Anne died in 1880 surrounded by many of the boys she had rescued. Her final words were, “My boys! My boys!”
Mrs. Bartlett: A Teacher of Women and Servant of the Church
Though Spurgeon would not support the idea of women serving in pastoral ministry or preaching to the gathered congregation, he nonetheless valued the role of women in the spreading of the gospel. He also believed it was entirely appropriate for women to teach other women in the church. Thus, Spurgeon sought to promote and resource women who evidenced an ability to teach the truth to others.

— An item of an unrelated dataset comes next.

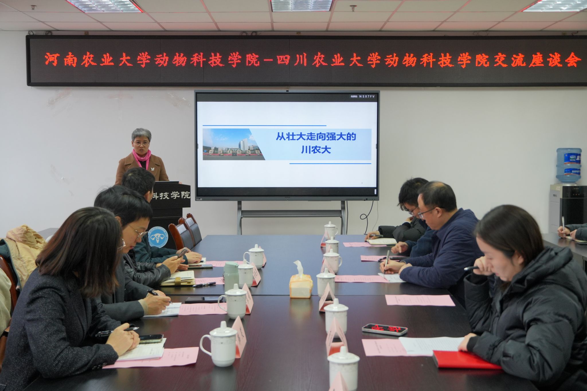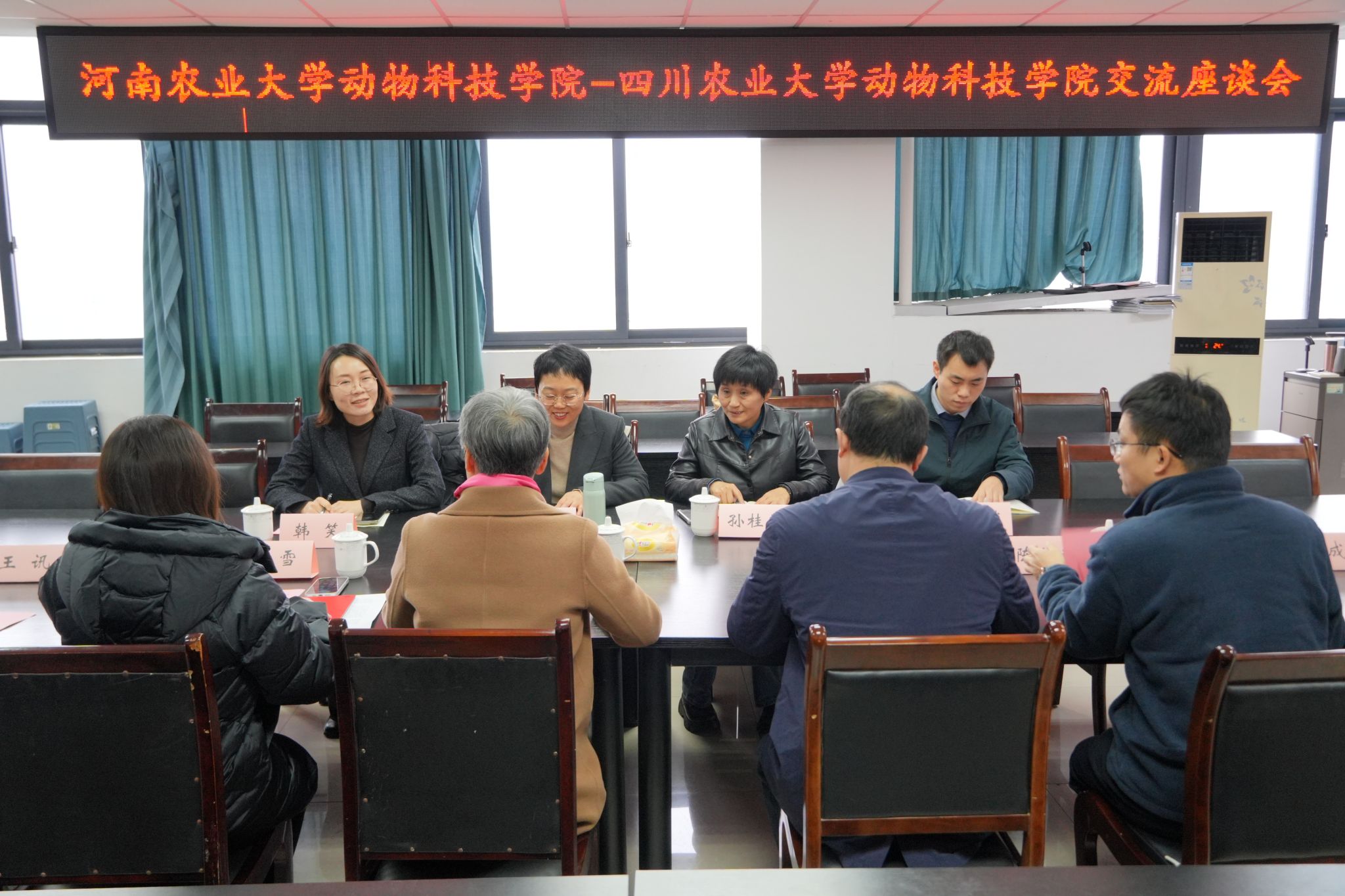 12月11日,河南农业大学动物科技学院党委副书记郭娟一行四人到动科学院调研交流。动物科技学院副院长赵小玲,党委副书记、纪委书记杨雪,动物科学系主任、专业负责人曾长军,动物科学系副主任王讯、动物遗传育种研究中心主任陈仕毅等老师参加座谈交流会。会议由赵小玲主持。

One such woman was Lavinia Bartlett, who had an unusual teaching gift. In 1859 she was asked to temporarily fill a post as a teacher of a small Sunday school class. At the class’s first meeting, only three teenage girls showed up. Just six years later she was teaching 700-800 women on a weekly basis. The class had come to take on the character of an evangelistic Bible study, and members of the church would regularly invite their unconverted friends from outside the church to the class. It has been estimated that approximately 1,000 women were added to the membership of the Metropolitan Tabernacle as a direct result of Lavinia’s Bible class. Not only were members of the Tabernacle served through this class, but large numbers of women were converted through Mrs. Bartlett’s ministry, including a number of London’s prostitutes (at least one of whom went on to became a missionary).

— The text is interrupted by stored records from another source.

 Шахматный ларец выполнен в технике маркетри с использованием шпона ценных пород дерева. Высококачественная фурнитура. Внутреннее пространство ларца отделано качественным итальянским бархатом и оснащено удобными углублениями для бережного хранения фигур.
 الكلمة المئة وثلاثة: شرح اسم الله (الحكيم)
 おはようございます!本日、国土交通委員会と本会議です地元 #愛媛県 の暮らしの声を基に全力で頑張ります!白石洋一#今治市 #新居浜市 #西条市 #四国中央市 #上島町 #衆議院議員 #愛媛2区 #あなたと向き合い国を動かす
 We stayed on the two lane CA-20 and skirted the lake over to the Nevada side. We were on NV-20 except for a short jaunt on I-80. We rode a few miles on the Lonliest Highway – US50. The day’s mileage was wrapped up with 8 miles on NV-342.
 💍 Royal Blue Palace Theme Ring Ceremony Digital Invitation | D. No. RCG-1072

Spurgeon, for his part, made every effort to promote Lavinia Bartlett’s work. After Mrs. Bartlett died in 1875 at the age of sixty-nine, Spurgeon addressed her class with these words,
“Her unstaggering reliance upon the Saviour has led many of you to confide in him. You saw how she believed, you saw the joy which her faith brought to her, the calm rest and power which she obtained, and you were led to Jesus Christ, perhaps unconsciously to yourselves, very much through her example. She was a thorough and complete believer; downright in her convictions and rooted in her principles. She was immersed into the Lord Jesus…. What a worker she was. Nobody will ever know until the books are opened at the last how much she did…. I do not believe that any mother in this place knows her children much better than she knew the members of this class…her heart was large and her efforts incessant.”

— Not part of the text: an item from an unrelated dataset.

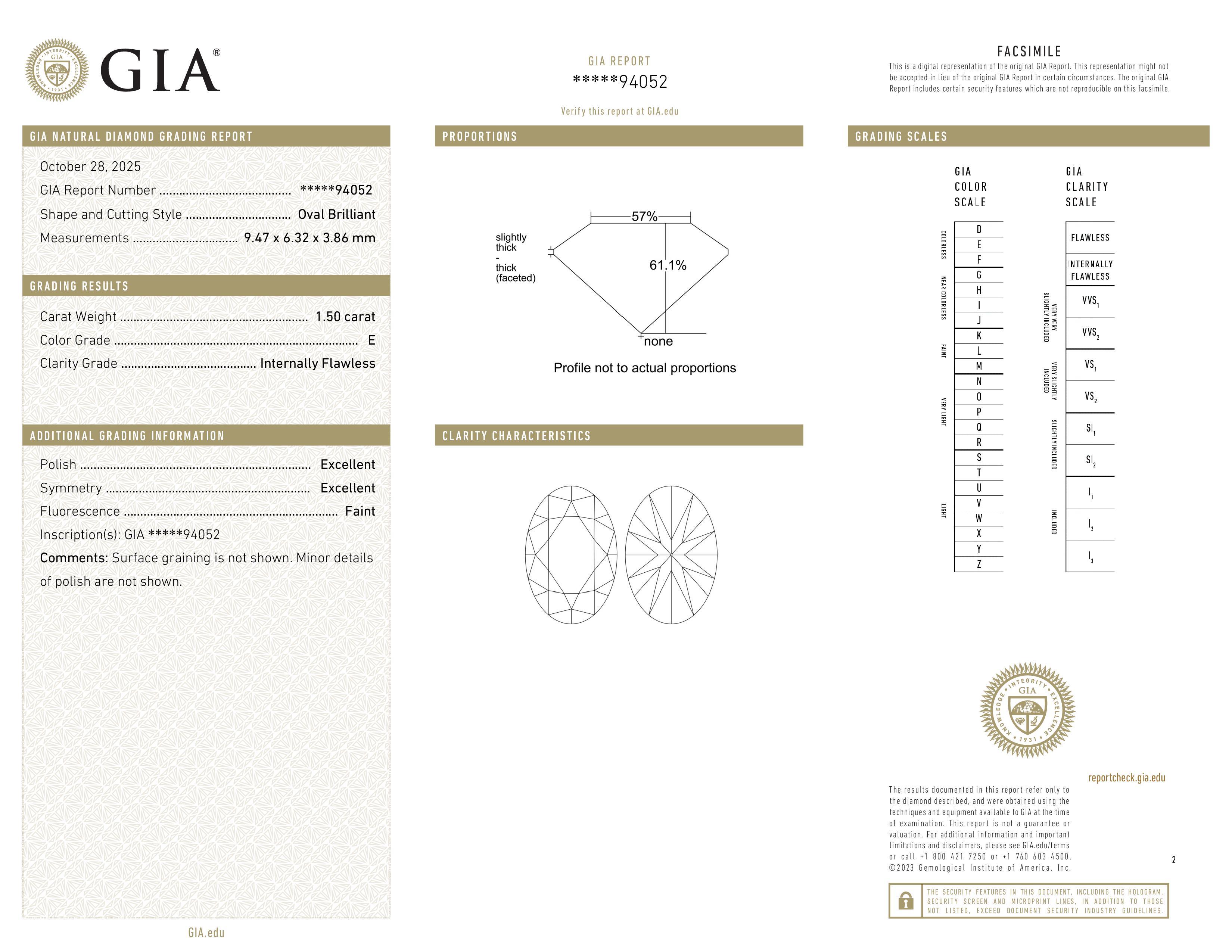 The GIA report documents the diamond’s key characteristics (cut, color, clarity, measurements) based on gemological evaluation.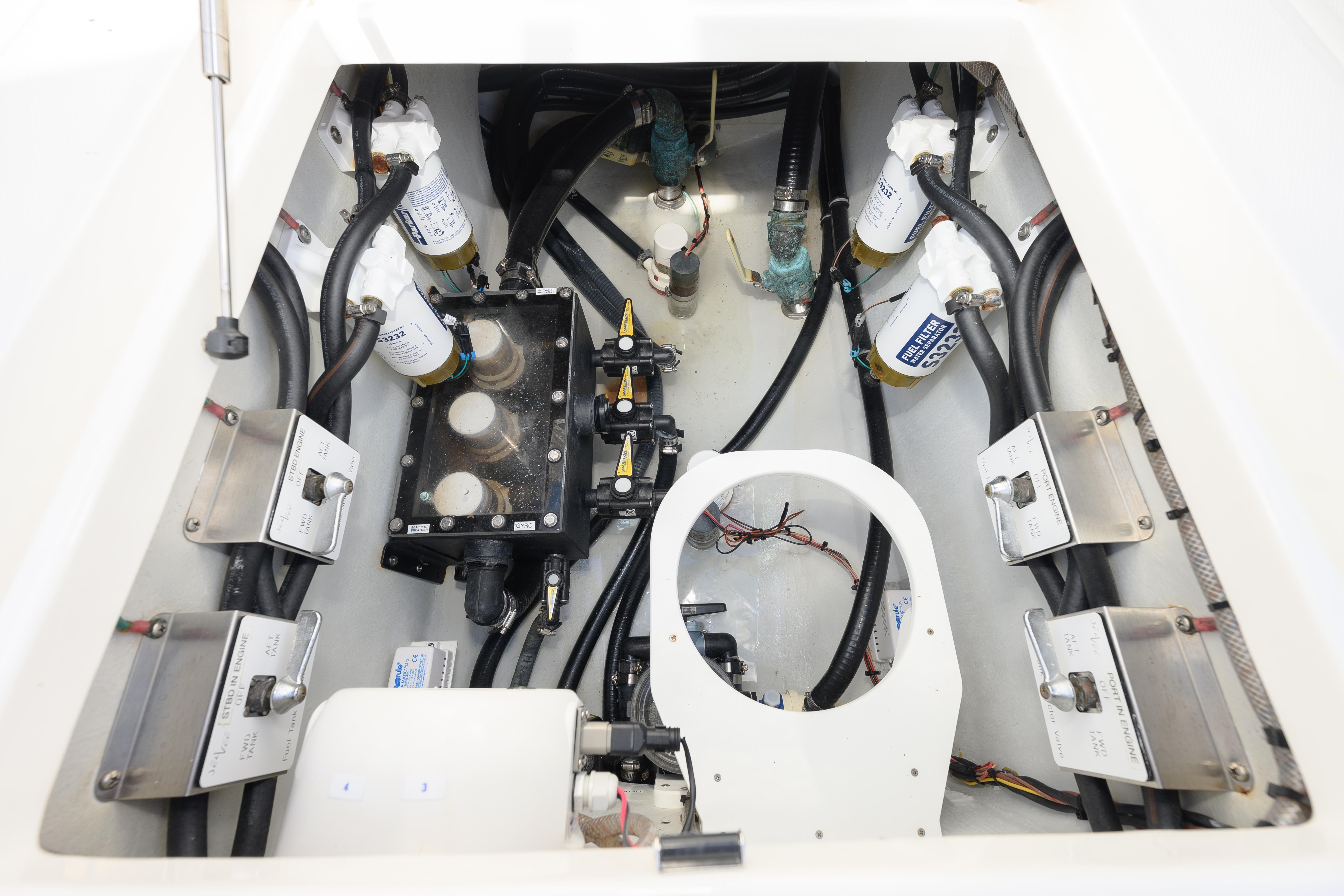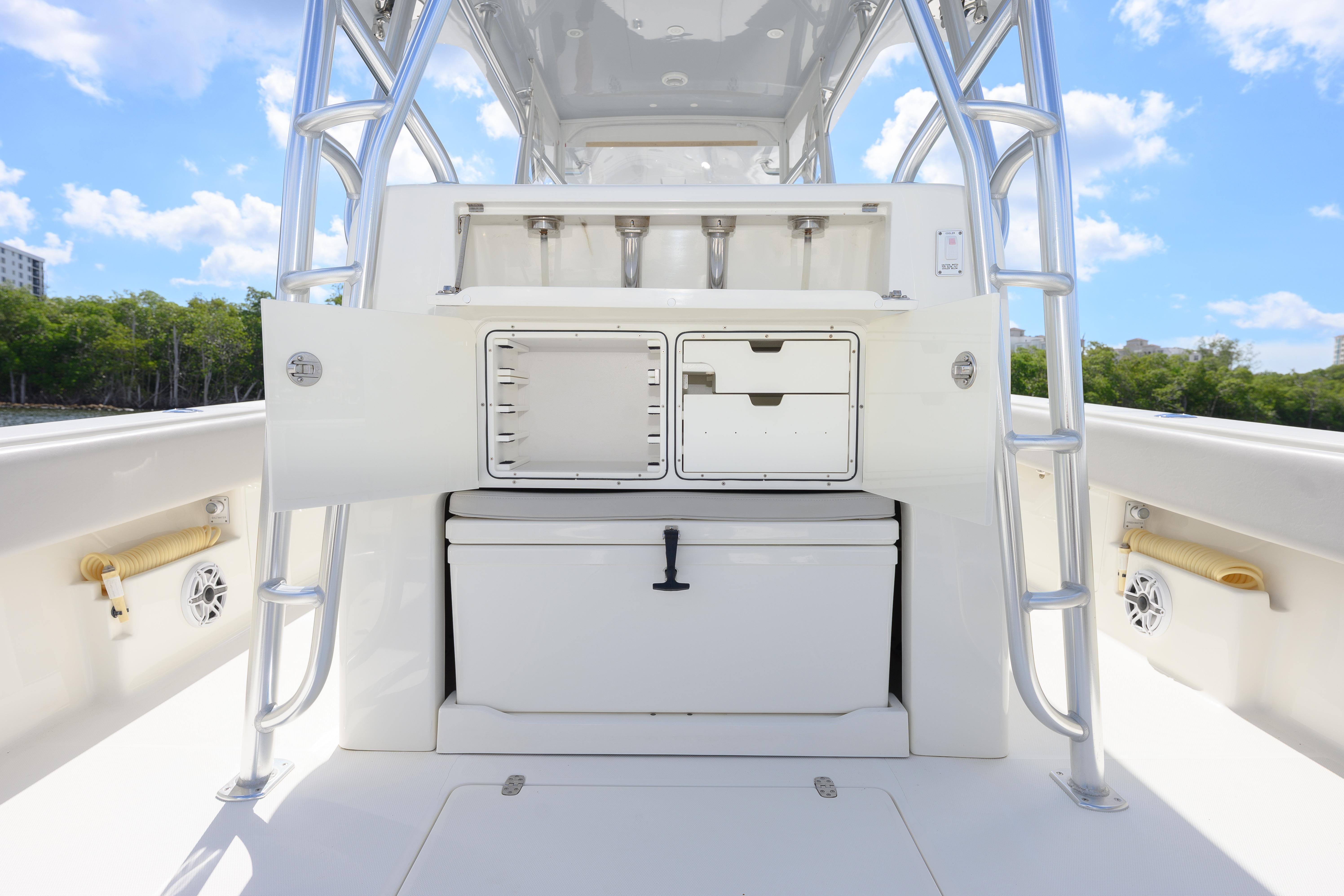 - Transom Large Livewell w/Aquarium Window & forward Floor Well w/3-Pump Seachest

In closing, what can be said of Spurgeon? Spurgeon’s earnest desire was to promote the work of faithful and godly women in the life of the church. He believed that God had called women to spread the gospel, raise up godly children, practice good works, minister to the needy, and teach other women in the church. He believed women should be actively engaged in the work of God’s kingdom. He firmly believed women should not serve as elders or preach in the gathered assembly, and yet he believed that no woman need go without regular opportunities to carry on valuable and meaningful work in the service of Christ. Though he believed that the pulpit was closed to women, the world was not. He would have wholeheartedly supported the words of an earlier evangelical woman, Hannah More, who said, “Action is the life of virtue, and the world is the theatre of action.”
Alex DiPrima is the senior pastor of Emmanuel Church in Winston Salem, NC. He’s a PhD candidate at Southeastern Baptist Theological Seminary and is currently writing on the social activism of C. H. Spurgeon.